Social Sources of Integration
It is obvious that the basis of human existence, indeed of being human, lies in relationships with others. Most of what we need and desire we must get from, or in cooperation with, others. Typically, we come to rely on specific others to provide certain rewards—regular trading partnerships arise. Such partnerships often are called attachments. We tend to exchange with the same people on a regular basis, and a major part of what is exchanged is emotion. That is, we tend to like and even love those to whom we are attached.
From sociology's earliest days, social scientists have regarded attachments as the fundamental social glue. Thus, when the famous French sociologist Emile Durkheim (1858–1917) argued that humans are moral only to the extent that they are social, he was asserting that people conform to societal norms only to the extent that they are restrained by their attachments. Most of us conform, most of the time, in order to retain the good opinion of those to whom we are attached and to protect these valued relationships. Two propositions follow from this view, the first about individual behavior, and the second about social or collective units.
At the individual level: Persons will conform to the norms to the to to extent that they are attached to others who accept the legitimacy of the norms. Conversely, people will deviate from the norms to the extent they lack attachments.
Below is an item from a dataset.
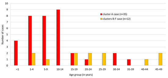 In Styria province, 35 identified cases belonged to cluster A, with one transmission chain with four case generations. The primary case, with rash onset on 9 January 2019, was an unvaccinated school pupil of 15 years of age with an anthroposophical family background and who consulted a pediatric clinic in Graz, Styria, during the contagious phase. In the same province, 34 successive cases occurred between 15 January and 20 February 2019 (Figure 1). Secondary (13 persons), tertiary and quaternary cases in the transmission chain occurred, but it was not possible to discriminate between third and fourth generation cases. The median age of the 35 cases was seven years (IQR: 1–11). Cluster A cases occurred most frequently in age groups 10–14 (n = 9), 1–4 (n = 8) and 5–9 (n = 8) (Figure 3).

At the group level: Deviance rates will be higher in having a groups lower mean level of attachments.
When we are alone, most of us do things we wouldn't do in front of others, especially not in front of others whose opinions of us we value. People deficient in attachments are effectively alone all the time and therefore are free to deviate, since they have no attachments at risk. When there are relatively many such persons in a group, their behavior will generate high rates of deviant behavior.
Many studies have found that the individual level proposition holds. For example, attachments are excellent predictors of crime and delinquency. But, for a long time there was little of value done to test the group level proposition even though it was of substantially greater theoretical interest. In large part this was because it seemed too expensive to assess levels of attachments for a large number of groups having many members—cities, for example. Our efforts to test this proposition in early chapters are based on the recognition that available data—measures of the degree to which a population consists of strangers and newcomers—can serve as an excellent inferential measure of attachments within collective or ecological units of analysis. Nearly all strangers and newcomers necessarily must lack attachments in comparison with people who have resided in the same place for a long period of time.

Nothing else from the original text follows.